Text mining is a sub-division of data mining that is used in recognizing hidden patterns and correlation in large amount of data. It is also known as text data mining, intelligent text analysis and knowledge discovery in text. It is related to extracting useful information from unstructured text data. Gupta & Lehal (2009) have regarded text mining as new interdisciplinary area which is an amalgamation of data mining, information retrieval, machine learning, computer linguistic and statistics. There are many applications of text mining. It is a valuable resource in social networking and blogging, customer relations management, tracking public opinion and text filtering (Mostafa, 2013). Text mining is popular in the biomedical field also. Many practitioners have developed several bioinformatics data mining toolboxes for computational biology. In addition it deals with the text related to biology, medicine and chemistry.
Text mining as a better solution to data mining for unstructured data
According to Kroeze (2004) difference between text mining and data mining is that only text mining is capable of processing unstructured data. However, data mining processes only structured data. Text mining is mainly related to extracting useful text information from unstructured data. Until recently, many specialists from IT sector across the globe were interested in extracting information from structured data i.e., the data stored in data warehouses. With time the majority part of the data available online is in the form of unstructured information. This mainly includes unstructured text information in the form of articles, blogs, web-pages and more. The unstructured data also consisted of numbers, facts, dates and structured fields of data (Jose 2010). Furthermore, this presence of unstructured data has developed a requirement of an intelligent tool which can effectively manage knowledge and extract useful information.
Thus, the main strength of text mining over data mining lies in the probability of generating relevant information and creating knowledge from massive amounts of unstructured data available on the internet or corporate intranets. Although data mining has a wider range of applications but text mining is a more effective way of examining multiple documents and extracting information that establishes a correlation or a pattern. (Kroeze 2004).
Text mining and key-word extraction
Text Mining is a key element which can link the information extracted from large amount of data together to form new facts or hypotheses. One can further explore it by employing conventional experimental processes (Jose 2010). It is fundamentally different from key word search which is a very common practice in web search. In key word search, the user is generally searching about something that is previously known to them and has been posted or published by someone else. The main issue with keyword search is that it discards the information that is not directly related with the keyword that is being provided.

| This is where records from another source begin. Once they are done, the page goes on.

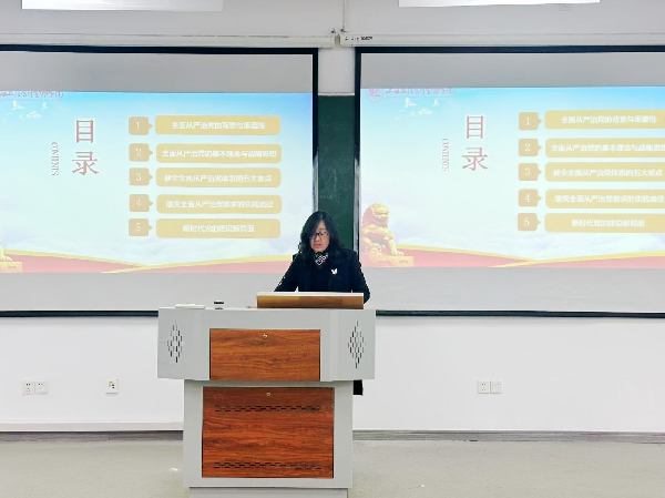副院长张海琼领学了习近平总书记重要文章《健全全面从严治党体系》。张海琼指出,从严治党是新时代党的建设的鲜明特色和重要保障,全体教职工要深入学习领会讲话精神,持续推动全面从严治党向纵深发展,坚定理想信念,严守党的政治纪律和政治规矩,以身作则,率先垂范,共同营造风清气正的校园环境。张海琼还就近期工作进行部署,包括落实制度修订、推动混合式教学实施、协助教学点管理和招生工作,确保学生管理与教学工作的高效开展。
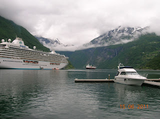 so dass das Schiff mit einer Stunde Verspätung Geiranger
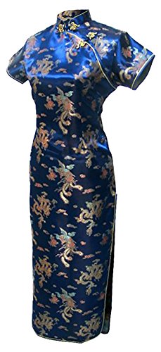 7Fairy Women’s Vtg Navy Long Chinese Evening Dress Cheongsam Qipao
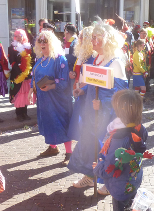 | -Boven: Ontdooien meej carnaval. -Rechts boven: De Geniekes: Miljoenen veur un brug. Dat hebbe we graag terug.. -Rechts: Gezocht ouwe zweefteef om meej saome te hange.. -Op de voorgrond nog wat 'wollukken' van een weersdeelnemer. foto's © paul kriele, 2 maart 2014. | ![]() |

However, in text mining, the aim is discovery of unknown information that can be revealed as a new finding. With application of text mining in healthcare industry, the new principle of patient stratification and correlation between unknown diseases can be discovered (Jensen et al. 2012). When this technique is integrated with genetic analysis, genotype relationships can be developed. Thus, this technique has huge potential to be implemented in medical research and across healthcare sectors (Koh & Tan 2011). Traditionally, researchers used keyword search when there is need to find relevant documents that contained a particular keyword.
In the opinion of Banazir & Annes (2013), the existing technique of keyword search shows a poor performance when input is in the form of multiple keywords, in case of document retrieval. This is due to use of centralized storage of relevant document and data that necessitates the need of encryption using standard cryptographic algorithms. As keyword search retrieves relevant data without decrypting the data so it shows poor search performance. In such scenarios text mining is considered as a generic concept. This is because it optimizes the resulting performance and reduces search timings as well.
Two major steps for text mining
The processes of text mining involves two major steps:
- Collecting unstructured data from various sources like e-mails, websites, documents etc.
- Convert the information into a structured format.
- The next step involved applying descriptive and predictive analysis algorithms to extract information.
A brief comparative table of text mining and keyword search is provided below.
|Text Mining||Processes both structured and unstructured data||Can extract information from encrypted data||Less time consuming||Can determine hidden patterns and correlation||Prior knowledge related to subject not necessary||Doesn’t consider text structure (Data features)|
|Processes only structured data||Works on decrypted data only||More time consuming||Provides apparent information||Necessary prior knowledge related to the subject||Consider text structure|
A comparison between text-mining and keyword processing
For example, companies can use text mining over other techniques in customer care applications, which requires frequent text analysis from various sources of information. This includes surveys, feedback forms, complaints of customers on services and quality to name a few.
In addition text mining provides an automated rapid response system to customer which reduces the load of grievance handling (Chakraborty et al. 2013).
Application of text mining in different industries
Some of the practical real-world applications who uses text mining tools include health care industry, credit card management, marketing etc . Healthcare industry uses text mining in managing system and generating low cost patient statistics. Similarly in credit card management text mining is used in complaint management and rating performance of call center employees. Furthermore, in marketing sector use of text mining is in optimizing the strategies implemented as well as in managing resources (Jose 2010). Similarly, Netzer et al. (2012) proposed to use text mining to convert the content generated by the user (survey data or sales data). This will help to develop insight into market structure and competition analysis. It can also assess the free content generated by social media sites. In addition, this helps the companies to gain advantages in competitive environment, monitoring and analyzing customer trends (He et al. 2013).
Text mining software
In conclusion, many text mining software are available in the form of open source and commercial programs. The table below shows some of the popularly used text mining software:
|RapidMiner||Unified platform for data prep, machine learning, and model deployment.|
|Gensim||Extracts semantics information from unstructured data and topic modelling on large scale.|
|Natural language toolkit (NLTK)||Provides programs and libraries for statistical and symbolic natural language processing using Python.|
|Orange||Provides an add-on of text mining.|
|AlchemyLanguage||Entity extraction, keyword extraction, emotion and sentiment analysis.|
|OpenNLP||Processing of natural language.|
SAS text miner
|Automatic Boolean rule generator, theme discovery, term profiling.|
|Stanbol||Semantic content management, mainly used in scholarly projects, has a web based text mining environment.|
|WordStat||faster extraction of themes and trend, efficient analysis of qualitative content.|
Major text-mining software (Source: Capttera, 2017).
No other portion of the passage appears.